Und was ist dies? ich fragte die Erde und sie sprach: Ich bin es nicht, und alles, was in ihr ist, bekannte dasselbe. Ich fragte das Meer und die Untiefen und was von lebenden Wesen da kriecht, und sie antworteten: Wir sind nicht dein Gott; suche ihn über uns. Ich fragte die wehenden Winde und es antwortete der Luftbereich mit seinen Bewohnern: Es irrt Anaximenes; ich bin nicht Gott. Ich fragte Himmel, Sonne, Mond und Sterne und sie antworteten: Auch wir sind nicht Gott, den du suchest. Da sprach ich zu allen, welche umgeben die Pforten meines Fleisches: Ihr sagt mir nur von meinem Gott, daß ihr es nicht seid, sagt mir doch etwas über ihn. Und sie riefen mit erhobener Stimme: Er hat uns gemacht. Meine Frage bestand in sinnender Betrachtung derselben und ihre Antwort in ihrer Schönheit. Und ich wendete mich an mich selbst und sprach zu mir: Wer bist du? Und erhielt die Antwort: Ein Mensch. Und siehe, Leib und Seele habe ich; jenes bildete das Äußere, dieses das Innere. Von welchem der zwei sollte ich meinen Gott suchen. Schon hatte ich ihn durch den leiblichen Sinn gesucht von der Erde bis zum Himmel, soweit ich nur die Strahlen meiner Augen als Boten suchen konnte. Aber von größerem Werte ist mein innerer Mensch. Ihm nämlich brachten alle Boten des Körpers Meldung zurück, der ihr Herr ist und die Antworten des Himmels der Erde und alles dessen, was darin sagte: "Wir sind nicht Gott und er hat uns selbst erst gemacht" beurteilt.

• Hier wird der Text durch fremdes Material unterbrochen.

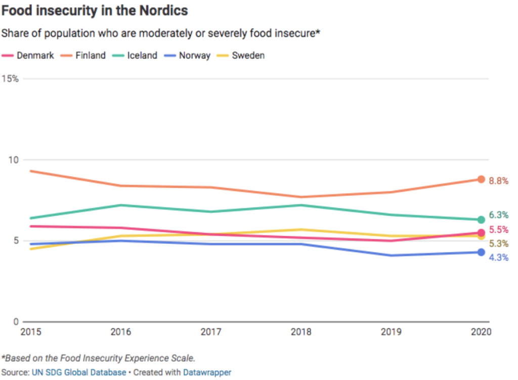Við skulum hafa í huga að aftur notum við meðaltöl og vissulega er varla hægt að tala um fátækt á Íslandi ef við miðum okkur við Kongó en samkvæmt okkar eigin viðmiðum er talið að allt að einn af hverjum tíu á Íslandi búi við fátækt. Og þó við mælumst ekki með hungur á Íslandi þegar litið er á tölurnar á bak við markmiðið er ágætt að skoða raunverulegar tölur en þá kemur í ljós að yfir 6% á Íslandi búa reyndar við fæðuóöryggi. Það eru um 23 þúsund manneskjur og stór hluti þeirra eru börn.
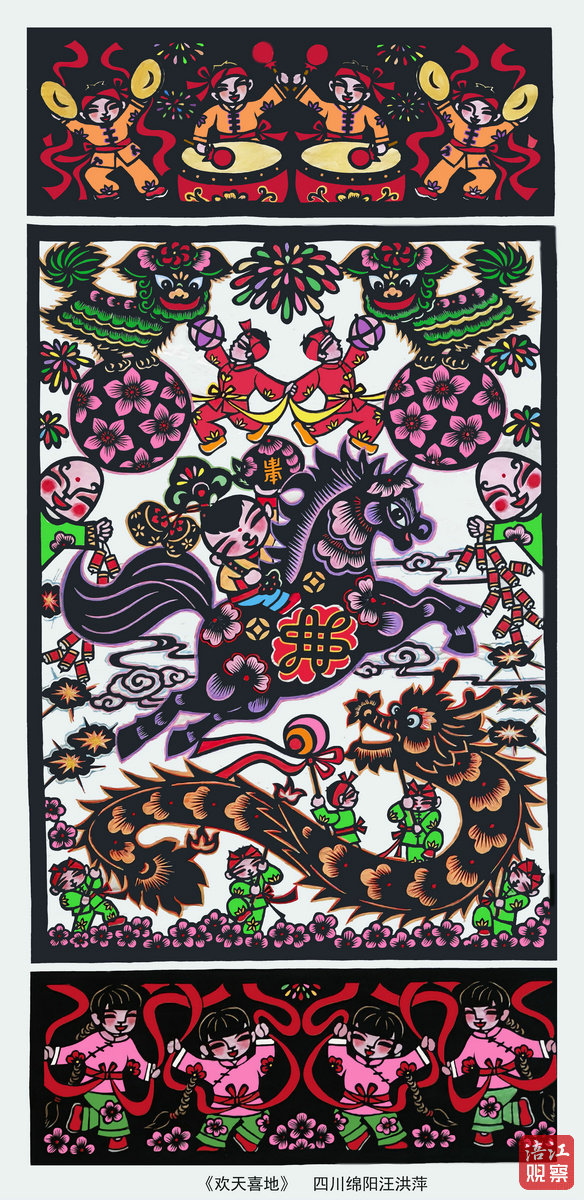 剪紙作品《歡天喜地》生動(dòng)展現(xiàn)了川西北地區(qū)春節(jié)的民俗場(chǎng)景,畫面分為上、中、下三部分:上部為敲鑼打鼓的喜慶場(chǎng)面,下部是扭秧歌的熱鬧場(chǎng)景,均以五彩斑斕的煙花烘托節(jié)日氣氛;中部以“福娃騎駿馬”為視覺核心,福娃肩扛如意與雙柿,手托壽桃,寓意“事事如意、健康長壽”。駿馬飾以花卉與中國結(jié),象征紅火吉祥。左右伴有提鞭炮的“笑頭”,更添歡快氣氛。此外,畫面中還有“獅子踩繡球”、“龍舞表演”等傳統(tǒng)元素,底部盛開的寒梅則預(yù)示著春的希望。
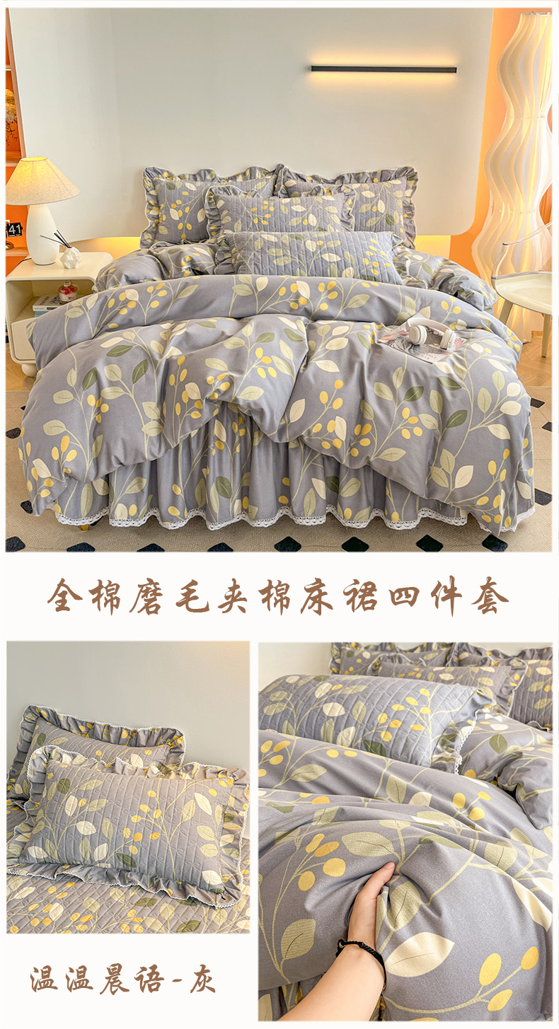 当前位置: 91家纺网 > 商品网购 > 床品套件 > 四件套 > 全棉普通四件套 > 缦彩 (支持一件定制)2024新款全棉夹棉加厚公主风磨毛床裙款四件套纯棉床罩床笠套件 温温晨语-灰

Der innere Mensch erkennt dies durch den Dienst des äußeren: ich als der innere Mensch erkannte dies; ich, ich die Seele erkannte es durch den leiblichen Sinn. Ich fragte die gesamte Welt über meinen Gott und sie antwortete mir: "Nicht bin ich es, sondern er hat mich gemacht".

Wird allen, die einen gesunden Sinn besitzen, dieser Anblick zuteil? Warum sagt er nicht allen dasselbe?

Die Tiere, die kleinen und großen sehen ihn und können doch nicht fragen, denn sie besitzen keine Vernunft, die beurteilen könnte, was ihnen die Sinne melden. Die Menschen aber können fragen, damit daß Gottes unsichtbares Wesen wird ersehen an der Schöpfung. Aber sie werden durch ihre Liebe zu ihr derselben untertan, und also untertan können sie ein Urteil nicht fällen. Auch antwortet die Schöpfung, wenn sie fragen, ohne beurteilen zu können; auch wandelt sie ihre Stimme nicht, das ist: ihre Gestalt, wenn sie der eine nur mit dem leiblichen Auge sieht, der andere zugleich schauend fragt, so daß sie dem einen anders erscheint als dem andern; sondern ihre Gestalt zeigt sich beiden auf dieselbe Weise, nur ist sie für jenen stumm, für diesen beredt; ja sie redet zu allen, aber jene nur verstehen sie, welche die Stimme von außen auch innerlich mit der Wahrheit vergleichen. Denn die Wahrheit sagt mir: Dein Gott ist weder Himmel noch Erde noch irgendein Körper. Das sagt die Natur dem, der Augen hat zu sehen: Dies ist Masse; eine Masse, kleiner im Teil als im Ganzen. Schon du bist höher, das sage ich dir, meine Seele; denn du belebst die Masse deines Körpers, gibst ihr das Leben; was kein Körper dem andern bieten kann. Dein Gott aber ist für dich auch wiederum das Leben für dein Leben.